Having located "Emphasizes natural greenery" in the listing below, write out its line and every following line exactly, last line included, without the pictures.

"""

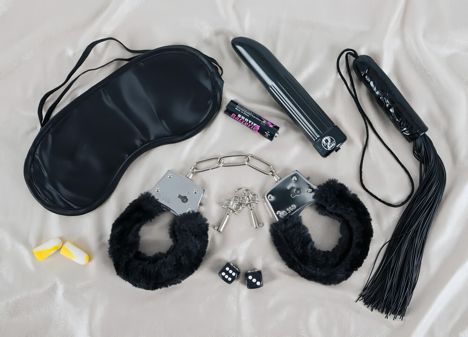 • Accessoires en cadeau - menottes, masque pour les yeux, petit fouet et vibromasseur - tout pour commencer tout de suite
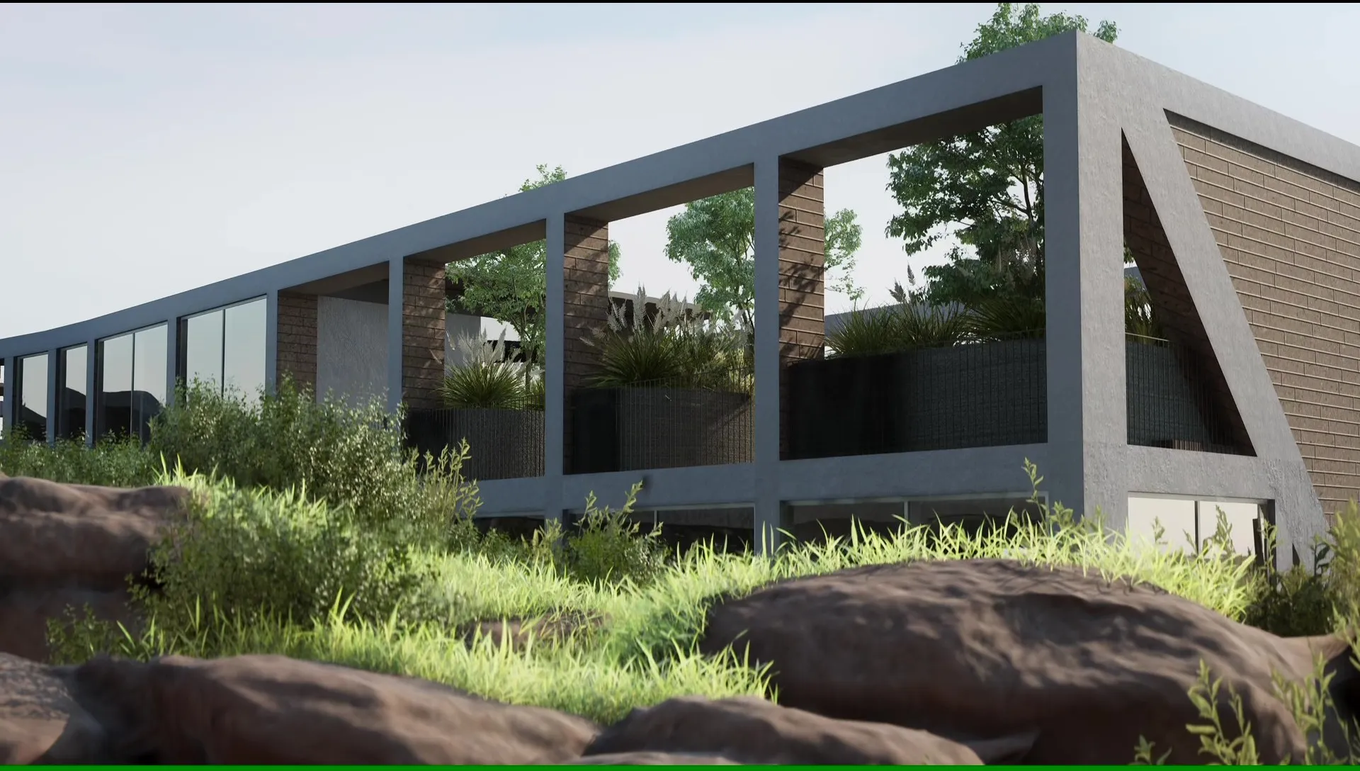 Emphasizes natural greenery and landscaping, creating a calm and refreshing environment above the city.
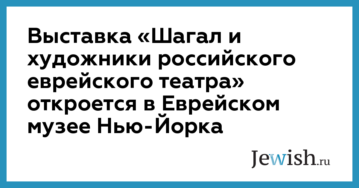 Выставка «Шагал и художники российского еврейского театра» откроется 9 ноября в Еврейском музее Нью-Йорка. На экспозиции будут представлены более 200 произведений искусства, большая часть которых ранее нигде не экспонировалась.
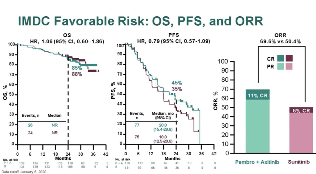 研究结果:患者的中位随访时间为27.0个月(0.1-38.4)。与sunitinib组相比,Pembro+axi组OS得到改善(HR=0.68[95%CI,0.55-0.85];P<0.001;24个月OS率:74% vs 66%)。中位OS(95%CI),Pembro+axi组未达到,sunitinib为35.7个月(33.3-NR)。与sunitinib组相比,Pembro+axi组改善了PFS,(HR=0.71[95%CI,0.60-0.84];P<0.001;24个月PFS率,38% vs 27%)。Pembro+axi组和sunitinib组的中位PFS(95%CI)分别为15.4个月(12.7-18.9)和11.1个月(9.1-12.5);ORR分别为60%和40%(P<0.0001);CR率分别为9%和3%;中位DoR分别为23.5个月(范围1.4+~34.5+)和15.9个月(范围2.3-~31.8+)。
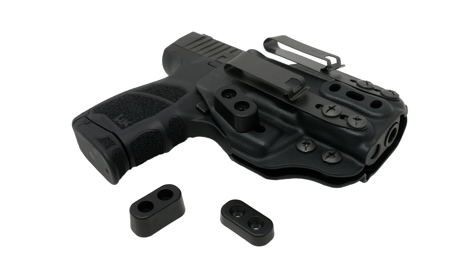 Three heights of camming bars to fine tune the rotation of the holster into the body for optimal concealment. Two positions for camming bar location adjusted for ride height preference.
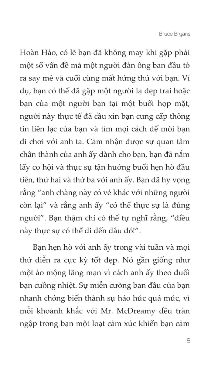 Bruce Bryans là một tác giả thành công với niềm đam mê nghiên cứu về các nghi thức hẹn hò. Bruce đã viết nhiều cuốn sách về các chủ đề bao gồm: nam tính, thu hút, chiến lược hẹn hò và động lực giới trong các mối quan hệ lãng mạn. Mục đích chính của Bruce là cung cấp thông tin thiết thực, dễ thực hiện, giúp nam giới và phụ nữ nâng cao giá trị hẹn hò và khả năng tìm kiếm người bạn đời lý tưởng.
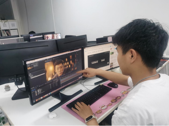 其次在实习时,他一直准时到达工作岗位,从不迟到早退。第一天的工作内容主要是企业指导老师带领他熟悉公司与实践内容,结识已在企业的前辈们,向他们了解熟悉工作等等。之后的实践他主要负责对宣传内容的拍摄,需要将准备好的道具或者角色进行全方位的拍摄,通过各个角度展现产品或角色的特点与细节,然后便是镜头语言的把控,如何通过运镜使拍摄的成品更加合理,好看;这都是他需要思考的地方。拍摄完成过后就是与指导老师商讨视频的剪辑流程与所需效果,需要将视频通过AE或PR等软件进行合成剪辑以及最后对剪辑好的视频做后期的处理,添加声乐,贴纸等等。
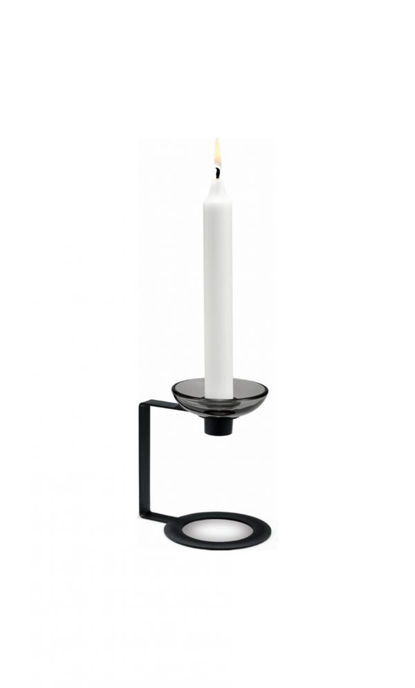 Ljusstake tillverkad i metall med svart pulverbeläggning och skålformad manschett i glas i färgen smoke. Höjd: 91 mm. Tål ej maskindisk. Design: Marie Berntsen. Art.nr 4343620

"""

### Exercise response
 Emphasizes natural greenery and landscaping, creating a calm and refreshing environment above the city.
 Выставка «Шагал и художники российского еврейского театра» откроется 9 ноября в Еврейском музее Нью-Йорка. На экспозиции будут представлены более 200 произведений искусства, большая часть которых ранее нигде не экспонировалась.
 研究结果:患者的中位随访时间为27.0个月(0.1-38.4)。与sunitinib组相比,Pembro+axi组OS得到改善(HR=0.68[95%CI,0.55-0.85];P<0.001;24个月OS率:74% vs 66%)。中位OS(95%CI),Pembro+axi组未达到,sunitinib为35.7个月(33.3-NR)。与sunitinib组相比,Pembro+axi组改善了PFS,(HR=0.71[95%CI,0.60-0.84];P<0.001;24个月PFS率,38% vs 27%)。Pembro+axi组和sunitinib组的中位PFS(95%CI)分别为15.4个月(12.7-18.9)和11.1个月(9.1-12.5);ORR分别为60%和40%(P<0.0001);CR率分别为9%和3%;中位DoR分别为23.5个月(范围1.4+~34.5+)和15.9个月(范围2.3-~31.8+)。
 Three heights of camming bars to fine tune the rotation of the holster into the body for optimal concealment. Two positions for camming bar location adjusted for ride height preference.
 Bruce Bryans là một tác giả thành công với niềm đam mê nghiên cứu về các nghi thức hẹn hò. Bruce đã viết nhiều cuốn sách về các chủ đề bao gồm: nam tính, thu hút, chiến lược hẹn hò và động lực giới trong các mối quan hệ lãng mạn. Mục đích chính của Bruce là cung cấp thông tin thiết thực, dễ thực hiện, giúp nam giới và phụ nữ nâng cao giá trị hẹn hò và khả năng tìm kiếm người bạn đời lý tưởng.
 其次在实习时,他一直准时到达工作岗位,从不迟到早退。第一天的工作内容主要是企业指导老师带领他熟悉公司与实践内容,结识已在企业的前辈们,向他们了解熟悉工作等等。之后的实践他主要负责对宣传内容的拍摄,需要将准备好的道具或者角色进行全方位的拍摄,通过各个角度展现产品或角色的特点与细节,然后便是镜头语言的把控,如何通过运镜使拍摄的成品更加合理,好看;这都是他需要思考的地方。拍摄完成过后就是与指导老师商讨视频的剪辑流程与所需效果,需要将视频通过AE或PR等软件进行合成剪辑以及最后对剪辑好的视频做后期的处理,添加声乐,贴纸等等。
 Ljusstake tillverkad i metall med svart pulverbeläggning och skålformad manschett i glas i färgen smoke. Höjd: 91 mm. Tål ej maskindisk. Design: Marie Berntsen. Art.nr 4343620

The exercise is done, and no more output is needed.